▶ **DESCRIPTION OF THE TASK**
All pictures are to be omitted while the lines starting at the line with "6.Se unge cu" and ending at the line with "400年続く日本舞踊、伝統を" in the material below are retyped exactly, both ends included.

▶ **DATASET RECORDS**
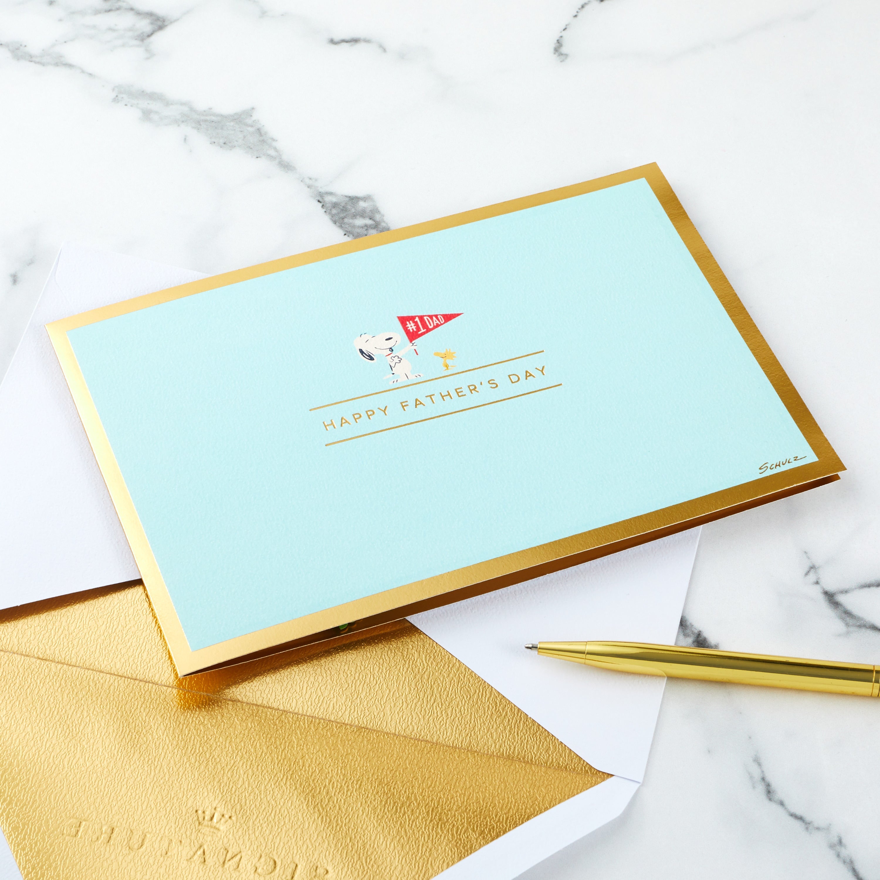 Printed on high-quality board, simply open the card up to reveal a 3D and pop-up surprise of SNOOPY and WOODSTOCK stood on top of SNOOPY's dog house with 'HOORAY' and '#1 Dad' pennants, and a 'Dad of the Year' banner. The card features gold foil details, die-cut details and the message 'Happy Father's Day' on the front of the card with SNOOPY and WOODSTOCK holding a '#1 Dad' pennant. This card comes complete with a co-ordinating Hallmark Signature branded, white envelope with a gold foil lining inside.
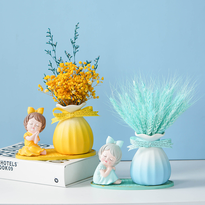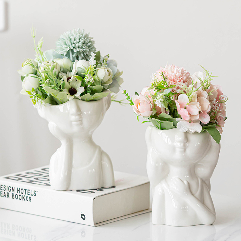 シンプルins風陶磁器花瓶文芸装飾少年女の子置物リビング生け花器テーブル飾り物
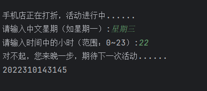 print("\n手机店正在打折,活动进行中......") strWeek = input("请输入中文星期(如星期一):") intTime = int(input("请输入时间中的小时(范围:0~23):")) if (strWeek == "星期二" and (intTime >= 10 and intTime <=11)) or (strWeek == "星期五" and (intTime >=14 and intTime <=15)): print("恭喜您,获得了折扣活动参与资格,快快选购吧!") else: print("对不起,您来晚一步,期待下一次活动......")
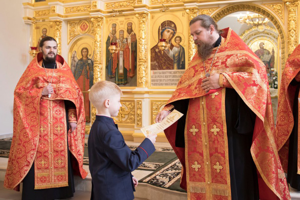 Свои грамоты получили и воспитанники «Школы алтарников», которая начала свою работу в стенах гимназического Духосошественского храма — всего в этом учебном году в школе алтарников обучалось 15 человек.
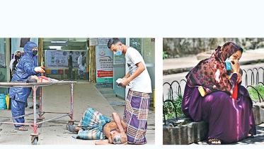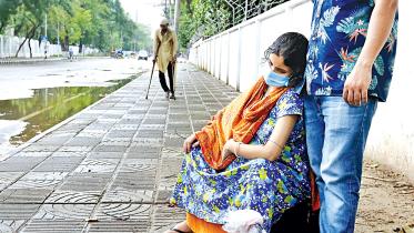 Yesterday, we published a caption story of the 24-year-old Jhuma sitting on the footpath in the vicinity of Shahid Minar in a state of near collapse, supported by her husband, Shujan, standing next to her.
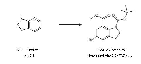 1.通過吲哚啉合成1-n-boc-5-溴-2,3-二氫-1H-吲哚-7-羧酸甲酯
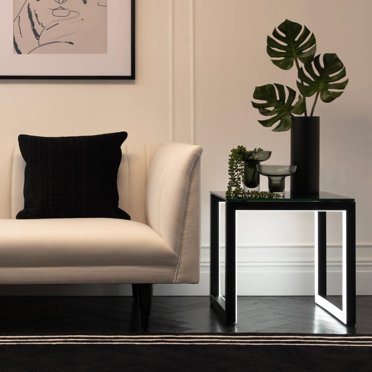 A sleek, unique and eye-catching side table with built-in lighting. Chunky toughened black glass surface. Black powder coated steel base with internal LED light source and frosted acrylic diffusers. On/off/dimmer touch switch operation. Warm, neutral and cool colour temperature settings. Rechargeable via detachable USB cable ( supplied). Will provide continuous illumination for up to 48 hours when fully charged.
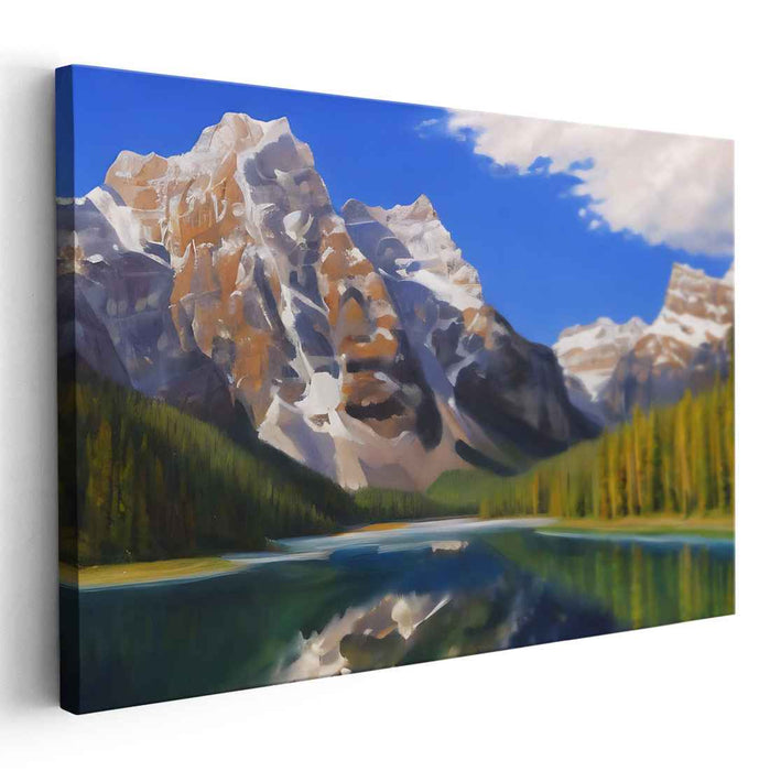 Introducing 'Majestic Mountaintop Reflections,' a captivating landscape canvas art print that transports viewers to a serene alpine paradise, where snow-capped peaks and reflective lakes harmonize under a vibrant blue sky. This breathtaking artwork captures the essence of a majestic mountainous region, possibly inspired by the grandeur of the Rocky Mountains.
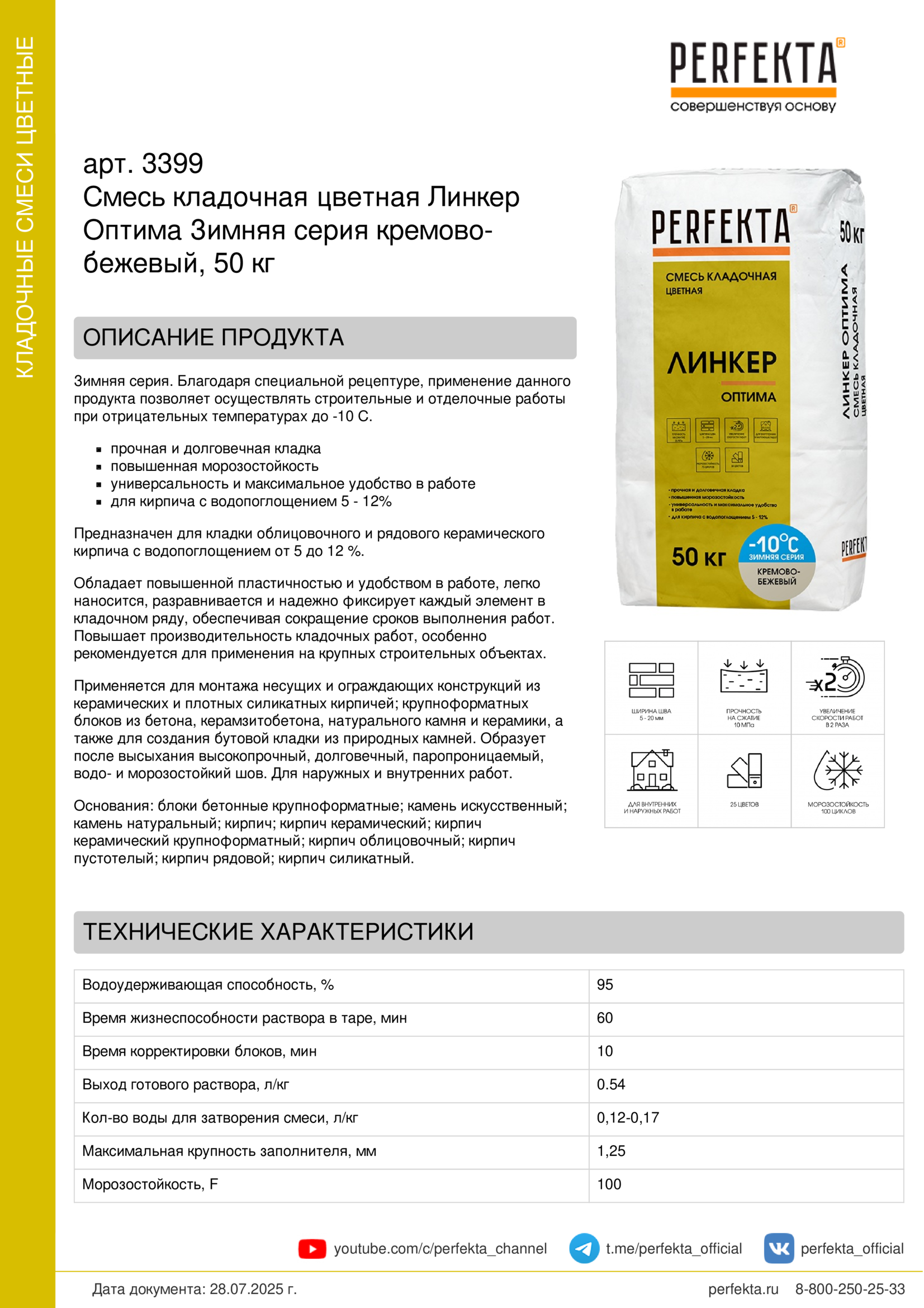 Зимняя серия. Благодаря специальной рецептуре, применение данного продукта позволяет осуществлять строительные и отделочные работы при отрицательных температурах до -10 С.
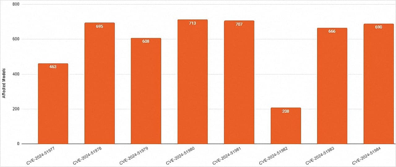 Aunque lo habrían intentado, los fabricantes no tienen capacidad para poner solución al error CVE-2024-51978 únicamente a través de una actualización de firmware. En su defecto, recomiendan un procedimiento que ayude a los usuarios a intentar aumentar la seguridad y reducir las posibilidades de sufrir problemas. Además de esto, lo que también hay que tener en cuenta es que el grupo de ocho vulnerabilidades descubiertas no ha afectado a los más de 600 equipos de una manera simultánea. Así, en un gráfico publicado por Rapid7, se puede comprobar la cantidad de modelos que se han visto afectados por cada uno de los problemas tal y como puedes apreciar en la imagen unas líneas más abajo. En el caso del CVE-2024-51978, podemos ver que ha afectado a una cantidad de 695 impresoras, por lo que se trata de un incidente importante.
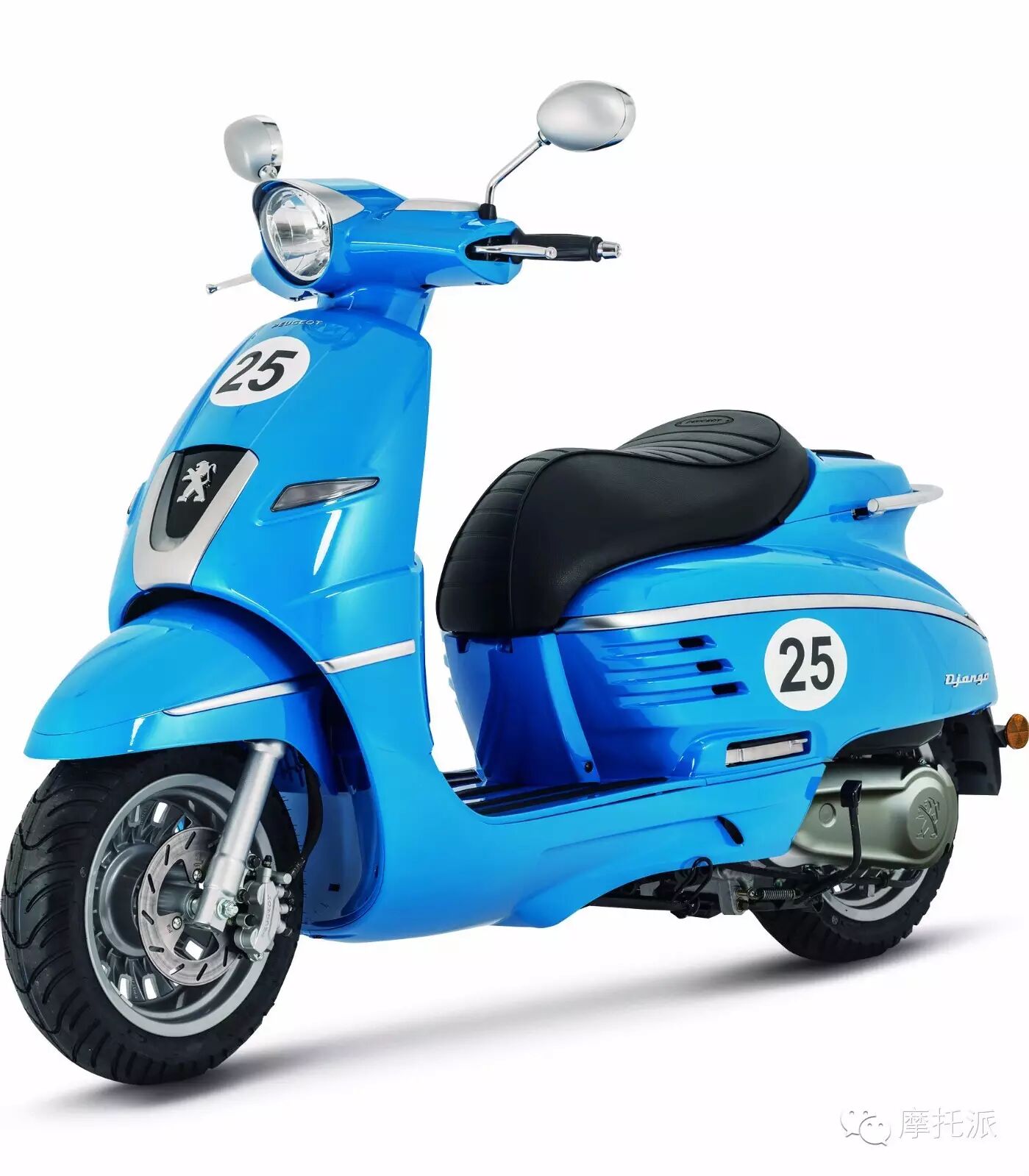 Django运动版的灵感来源于标致在顶级赛场上取得的诸多辉煌战绩。运动版车身颜色为运动韵味十足的爱琴海蓝。配置单人运动型鞍座,车身有对标致具有历史纪念意义的冠军战车编号25号码标贴图样。
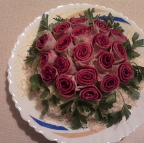 6.Se unge cu atentie fiecare clatita cu amestecul de sfecla,se ruleaza si se taie transversal in bucati mici de aproximativ 1,5 cm,care se aseaza pe farfurie ca niste “rozete”,in jurul carora se pune verdeata din belsug.
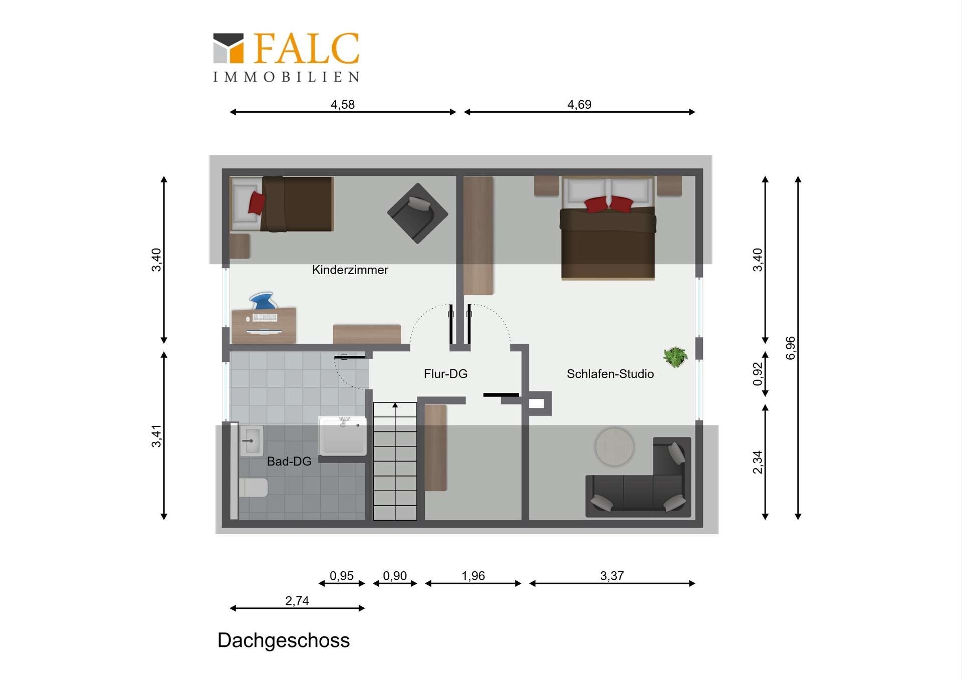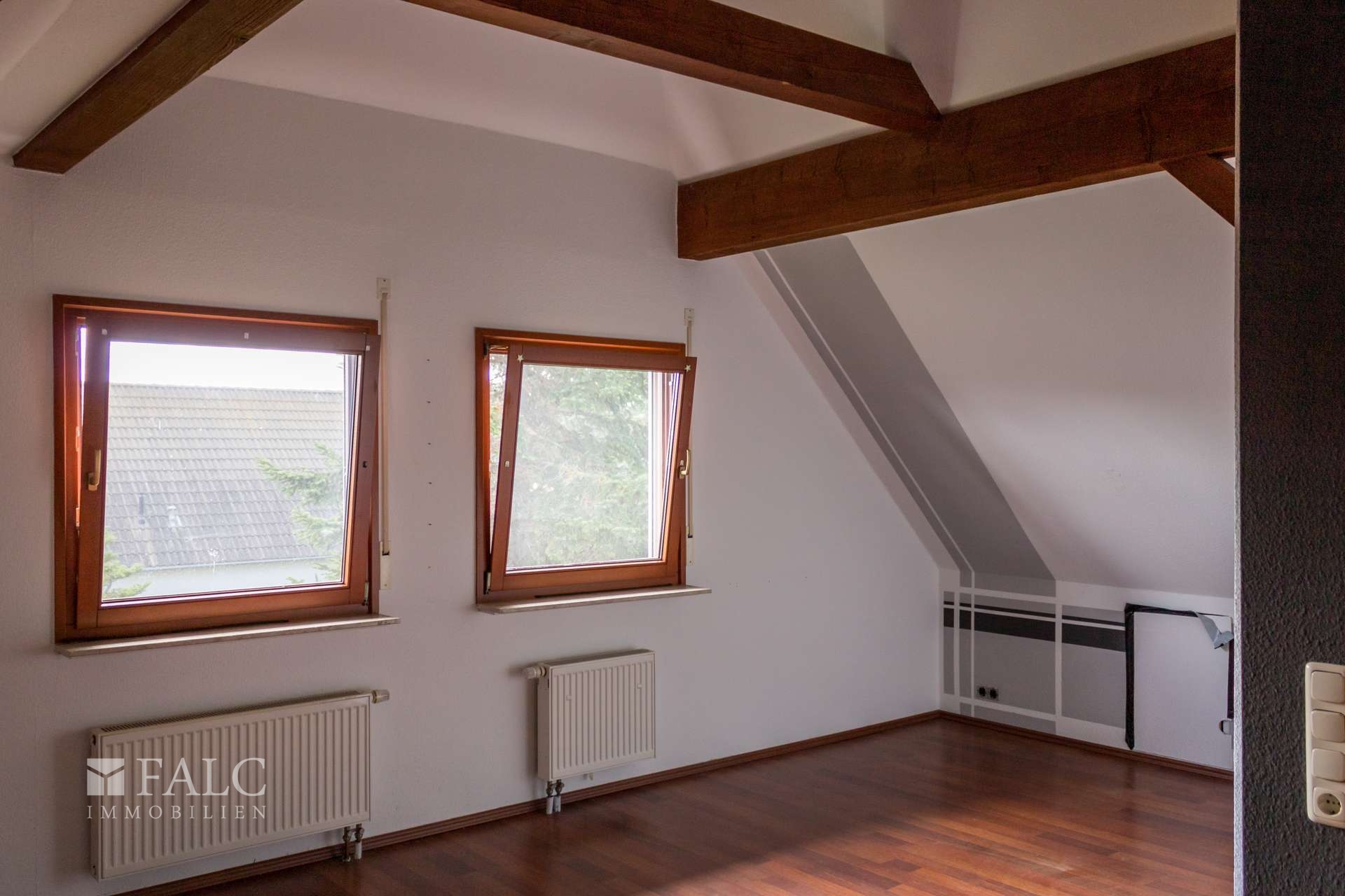 Weiter geht es in das Dachgeschoss, das weitere Schlafzimmer beherbergt. Momentan ist hier ein großes Schlafzimmer/ Studio, welches auch teilbar ist und ein weiteres Schlaf-/ Kinderzimmer. Ein zusätzliches Badezimmer rundet das Raumangebot ab und sorgt für zusätzlichen Komfort.
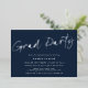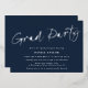 This is a minimalist and simple graduation party invitation. It uses a modern handwritten script design in classic blue and white with "Grad Party" in stylish silver foil. Please contact the designer for any queries about this design.
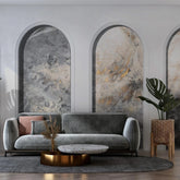 Harmony reproduces an 18th-century Dutch painting, blending beige, cream, and gray flowers on a shaded gray background, accented with gold. Its rich, ornate design beautifully complements minimalist and classic interiors.
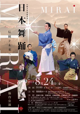 400年続く日本舞踊、伝統を未来へとつなげるべく、花柳流男性舞踊家5人が、仙台に集まりました。迫力ある「舞踊」、筝に合わせた情緒ある「舞」、和と洋の「コラボ」、そして可愛くて元気な子供達の「踊りと筝演奏」、様々な日本舞踊をお楽しみください。
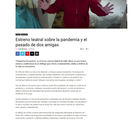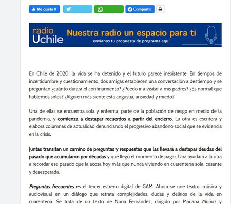 En Chile de 2020, la vida se ha detenido y el futuro parece inexistente. En tiempos de incertidumbre y cuestionamiento, dos amigas establecen una conversación a destiempo y se preguntan ¿cuánto durará el confinamiento? ¿Puedo ir a visitar a mis padres? ¿Es normal que hablemos solos? ¿Alguien más siente esta angustia, ansiedad y miedo?
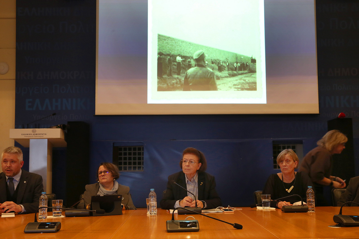 Η υπουργός Πολιτισμού Λίνα Μενδώνη (Κ), πλαισιωμένη από τους συνεργάτες της, παρουσιάζει μέρος των φωτογραφιών του ναζί αξιωματικού Χόιερ που φωτογράφισε, μεταξύ άλλων, την εκτέλεση των 200 αγωνιστών πατριωτών που εκτελέστηκαν την Πρωτομαγιά του 1944 στο Σκοπευτήριο της Καισαριανής, Αθήνα Πέμπτη 5 Μαρτίου 2026. ΑΠΕ-ΜΠΕ/ΑΠΕ-ΜΠΕ/ΟΡΕΣΤΗΣ ΠΑΝΑΓΙΩΤΟΥ
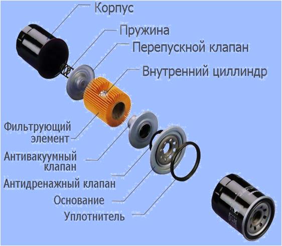 масло стекает через перепускной клапан фильтра обратно в картер
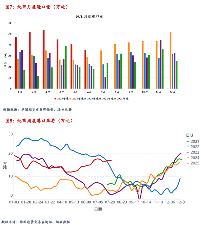 2.纯苯进口同比增多,环比降低,整体仍供应过剩难以企稳;
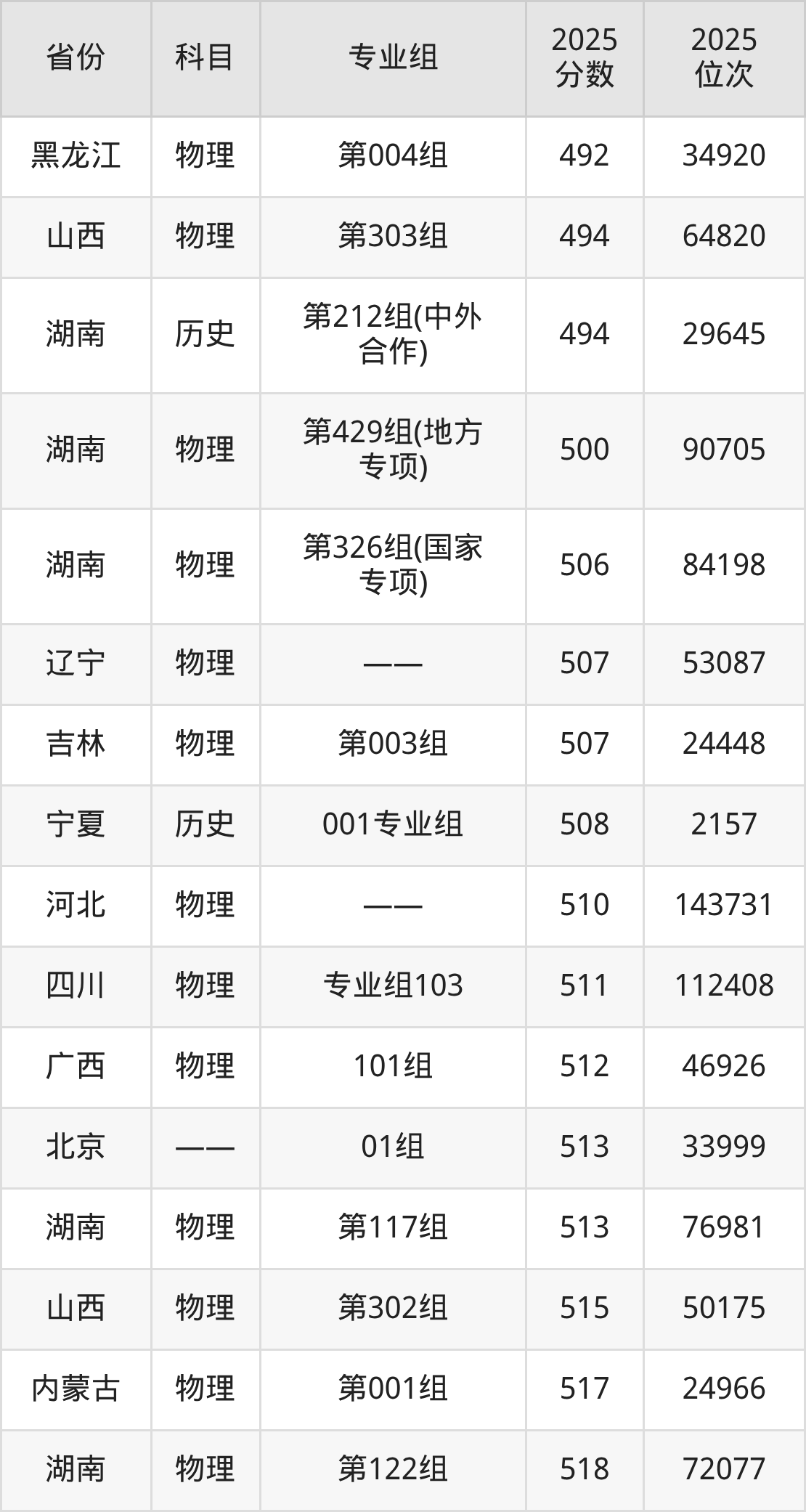 历史类:2025年湖南工商大学录取最低分是508分(宁夏),对应的位次排名是2157名。

▶ **TASK SOLUTION**
 6.Se unge cu atentie fiecare clatita cu amestecul de sfecla,se ruleaza si se taie transversal in bucati mici de aproximativ 1,5 cm,care se aseaza pe farfurie ca niste “rozete”,in jurul carora se pune verdeata din belsug.
 Weiter geht es in das Dachgeschoss, das weitere Schlafzimmer beherbergt. Momentan ist hier ein großes Schlafzimmer/ Studio, welches auch teilbar ist und ein weiteres Schlaf-/ Kinderzimmer. Ein zusätzliches Badezimmer rundet das Raumangebot ab und sorgt für zusätzlichen Komfort.
 This is a minimalist and simple graduation party invitation. It uses a modern handwritten script design in classic blue and white with "Grad Party" in stylish silver foil. Please contact the designer for any queries about this design.
 Harmony reproduces an 18th-century Dutch painting, blending beige, cream, and gray flowers on a shaded gray background, accented with gold. Its rich, ornate design beautifully complements minimalist and classic interiors.
 400年続く日本舞踊、伝統を未来へとつなげるべく、花柳流男性舞踊家5人が、仙台に集まりました。迫力ある「舞踊」、筝に合わせた情緒ある「舞」、和と洋の「コラボ」、そして可愛くて元気な子供達の「踊りと筝演奏」、様々な日本舞踊をお楽しみください。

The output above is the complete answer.